Research

Speciation in native slugs

Figure 1: Sister species P. andersoni and P. foliolatum have partially overlapping ranges and differ in ecologically important traits, like microhabitat, foot size, and dentition. A) Map of the Pacific Northwest showing glacial extent during the Last Glacial Maximum (blue), the range of P. andersoni (orange), and the range of P. foliolatum (purple). B) P. andersoni and C) P. foliolatum feeding on mushrooms. D) Comparisons of dentition between P. andersoni and P. foliolatum (Pilsbry & Vanatta 1898).

My lab studies species limits and speciation in native terrestrial gastropods from North America. Taildropper slugs (genus Prophysaon) are endemic to the temperate rainforests of the Pacific Northwest (Figure 1A). There are nine described species, and the group appears to have a complex history with the potential for geology, climate, and ecology to have driven diversification. Our research has supported a likely history of divergence in isolated refugia during glaciation, followed by expansion and gene flow between lineages upon secondary contact in several species (Smith & Carstens, 2020; Smith et al., 2024). Furthermore, we have found evidence of undescribed diversity in this group (Smith et al., 2026).

We are also studying species limits in manteslugs (Genus Philomycus) from the southeastern US. Preliminary results suggest that taxonomic revisions will be needed in this group, as morphology-based identifications often conflict with results from genetic data.

Figure 2: The radula of a specimen of Prophysaon foliolatum. The radula was dissected out and then imaged on a Scanning Electron Microscope at Indiana University.

Machine learning in population genetics

Machine learning approaches are increasingly being applied to answer interesting questions in population genetics and phylogenetics. The lab has developed a python package popai, which infers the evolutionary histories of populations from genomic data using several machine learning approaches. We are also interested in when model violations mislead popular approaches for inferring population histories, detecting selection, and more. For example, my recent work found that selection can mislead inferences of introgression (Smith & Hahn, 2024). We test popular methods using simulated data, use machine learning to identify problematic model violations, and use machine learning approaches (e.g., domain adaptation) to perform more accurate inference in the presence of complex and difficult-to-model biological processes (e.g., background selection or ghost introgression) (e.g., Cobb & Smith, 2025).

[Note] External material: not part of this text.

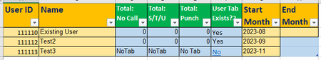Sub CreateNewUserTabCCCCCV2() Dim WBK As Workbook Dim WSH As Worksheet Dim RNG1 As Range Dim RNG2 As Range Dim ADR1 As String Dim ADR2 As String Dim WSN As Worksheet Dim ID As Long Dim RowStart As String Dim RowEnd As String Dim EndAddress As String Dim StartAddress As String Dim StartMonth As String Dim StartRow As String Dim LR As Long 'Save and close other workbooks For Each WBK In Application.Workbooks If Not (WBK Is Application.ThisWorkbook) Then WBK.Close SaveChanges:=True End If Next WBK 'Find New Users on Productivity Tab Application.ScreenUpdating = False Set WBK = ThisWorkbook Set WSH = WBK.Worksheets("User List") With WSH.Range("F:F") Set RNG1 = .Find(What:="No", LookIn:=xlValues, Lookat:=xlWhole) If Not RNG1 Is Nothing Then Do ADR1 = RNG1.Address Set RNG2 = RNG1.Offset(0, -5) ADR2 = RNG2.Address If RNG2.Value <> "" Then ID = RNG2.Value StartMonth = RNG1.Offset(0, 1).Value 'Copy template to end of sheets WBK.Worksheets("Template").Copy After:=WBK.Worksheets(WBK.Worksheets.Count) Set WSN = WBK.Worksheets(WBK.Worksheets.Count) 'Update ID Cell and Tab Name on new sheet WSN.Range("B8").Value = ID WSN.Name = CStr(ID) 'Identify future month rows to remove WSN.Range("A11") = RowStart EndAddress = WSN.Cells(WorksheetFunction.Match(StartMonth, WSN.Range("A:A"), 0), 1).Address RowEnd = WSN.Range(EndAddress).Row WSN.Range("A11:A" & RowEnd - 1).EntireRow.Delete 'Identify pre-start month rows to remove StartAddress = WSN.Cells(WorksheetFunction.Match(StartMonth, WSN.Range("A:A"), 0), 1).Address RowStart = WSN.Range(StartAddress).Row LR = WSN.Cells(WSN.Rows.Count, 1).End(xlUp).Row WSN.Range("A" & RowStart + 1 & ":A" & LR).EntireRow.Delete 'Update New Sheet Caluclation References WSN.Range("B9").Formula = "=SUM($AL$11:$AL$33)" WSN.Range("G9").Formula = "=SUM($AO$11:$AO$33)" WSN.Range("J9").Formula = "=SUM($AM$11:$AM$33)" WSN.Range("N9").Formula = "=SUM($AN$11:$AN$33)" WSN.Range("Q9").Formula = "=SUM($AK$11:$AK$21)" WSN.Range("T9").Formula = "=SUM($AI$11:$AI$33)" WSN.Range("Y9").Formula = "=SUM($AH$11:$AH$33)" WSN.Range("AB9").Formula = "=SUM($AJ$11:$AJ$33)" WSN.Range("B1").Formula = "=B9" WSN.Range("B3").Formula = "=SUM(G9,J9,N9)" WSN.Range("B5").Formula = "=Q9" 'Update User List to create links to newly created user tabs WSH.Hyperlinks.Add Anchor:=RNG2, Address:="", SubAddress:="'" & WSN.Name & "'!A1" End If RNG1.Value = "Yes" Set RNG1 = .Find(What:="No", After:=RNG1, Lookat:=xlWhole) If RNG1 Is Nothing Then Exit Do Loop Until RNG1.Address = ADR1 End If End With WSH.Activate Application.ScreenUpdating = True End Sub

New methods for studying gene duplicates

We trained two neural networks to estimate overall rates of gene family evolution or separate duplication and loss rates: a fully connected neural network taking summary statistics and gene family counts as input (FCNN) and an ensemble model with a long-short term network (LSTM) taking lineage-through-time plots as input and an FCNN taking gene family counts as input. (a) Our neural networks outperform CAFE when sample sizes are small and match CAFE in accuracy when sample sizes are larger. (b) Our neural networks can accurately estimate independent duplication and loss rates, a function not available in the newest version of CAFE.

Investigating the invasion histories of invasive terrestrial gastropods

Invasive terrestrial gastropods pose threats to agriculture, human health, and biodiversity, and there are ~70 introduced terrestrial gastropods in the contiguous US. Despite their prevalence, invasive gastropods remain critically understudied, with even basic information including which species are present and the number and sources of introductions remaining unknown. We are both gathering basic, critical info on these invasions and using them as models for studying the evolutionary and ecological causes and consequences of invasions. We are using genomic, phenotypic, and ecological data to study the invasion histories of Arion slugs, Deroceras slugs, and a snail that poses major threats to peanut crops (Bulimulus bonariensis). In Arion and Deroceras our preliminary results support multiple, independent invasions. In some species, species distribution models suggest that habitat filtering is an important determinant of invasive range, while in others, new habitats appear to have been colonized following their introduction to North America.

My lab is interested both in using gene duplicates to improve phylogenetic inference and in understanding the evolutionary dynamics, causes, and consequences of gene duplication and loss. Previously, I investigated the potential benefits and risks of using paralogs (genes related through duplication events) for phylogenetic inference (Yan et al. 2021; Smith and Hahn 2021; Smith and Hahn 2022; Smith et al. 2022). This work highlighted the robustness of phylogenetic inference to the heterogeneity introduced by the inclusion of paralogs and suggests steps towards including more data in phylogenetic analyses. We are also developing a new method, dusti, that infers trees from large gene families directly from alignments—most existing methods use gene trees! More recently, we uncovered a case in which gene duplicates actually improve inference by ameliorating the impacts of long-branch attraction (Smith & Hahn, 2026). We are also developing new machine learning approaches to infer rates of gene duplication and loss, identify lineages and gene families with elevated rates, and investigate relationships between rates of gene duplication and loss, speciation, and phenotypic change.